Next, as shown in FIG. 14, the contact holes CH1 to CH3 and CH8 are covered with the resist film 71 and the bottom surfaces of the contact holes CH4 to CH7 are selectively etched by lithography and anisotropic etching via RIE. The contact holes CH4 to CH7 are then etched up to the appropriate sacrificial film 23a as additional stages while maintaining the step (difference in depth) therebetween, and the bottom surfaces of the contact holes CH4 to CH7 reach an upper surface of the appropriate insulator 34 as a still further stage. Thus, the contact holes CH4 to CH7 are etched up to the appropriate sacrificial films 23a (fifth to eighth sacrificial films from the uppermost stage) to be replaced with the word lines WL4, WL3, WL2, and WL1, respectively.

Next, as shown in FIG. 15, the resist film 71 and the hard mask 70 are removed. By the processes shown in FIGS. 11 to 15, the contact holes CH1 to CH8 extending in the z-axis direction in the stacked body Sla and respectively reaching the sacrificial films 22a to 24a or the insulators 33 to 36 are formed. Although not shown in FIG. 15, contact holes reaching the sacrificial film 23a to be replaced with the word line WL0 and the sacrificial film 22a to be replaced with the select gate line SGDL are also formed.

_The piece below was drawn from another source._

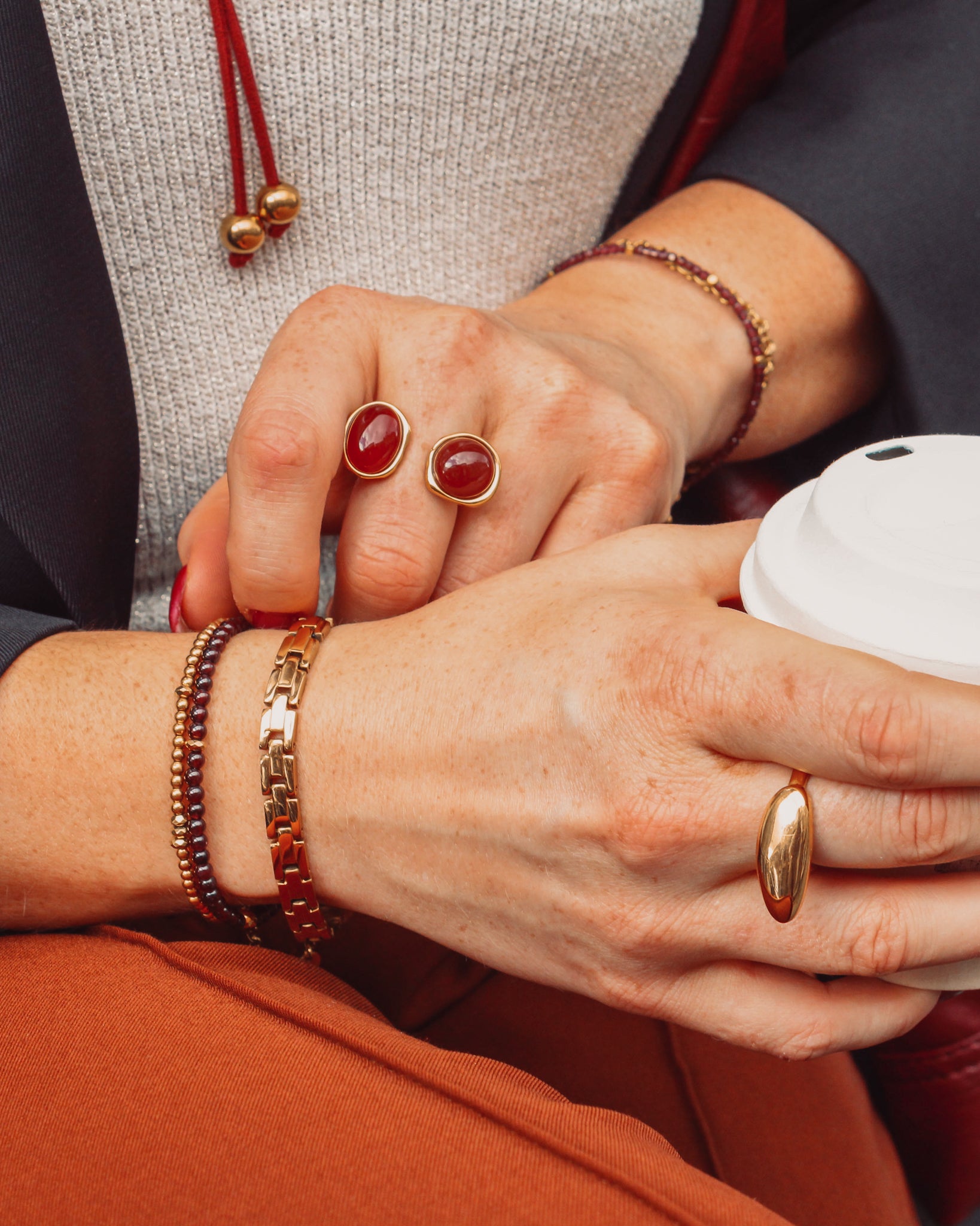 Breng de warme kleuren van het seizoen in je look met de Hit the Bar ring uit de Fall for Confidence collectie. Ontworpen om je stijl moeiteloos te versterken en je zelfvertrouwen te vergroten, zonder dat je je garderobe hoeft te vernieuwen!

Next, as shown in FIG. 16, the contact holes CH are filled with sacrificial films 72. The sacrificial films 72 are an example of a second sacrificial film. The sacrificial films 72 are made of a material that can be selectively removed from the insulator 34, such as polysilicon or a silicon nitride film. Before filling the contact holes CH with the sacrificial films 72, the contact holes CH may be covered with the spacer 62 (see FIG. 7). The spacer 62 is an example of a second insulating film. The spacer 62 may be, for example, silicon oxide. Thereafter, the sacrificial films 72 are embedded inside the spacer 62. Next, the sacrificial films 72 deposited on the hard mask 70 are polished and etched back by chemical mechanical polishing (CMP). Accordingly, a structure shown in FIG. 16 is obtained.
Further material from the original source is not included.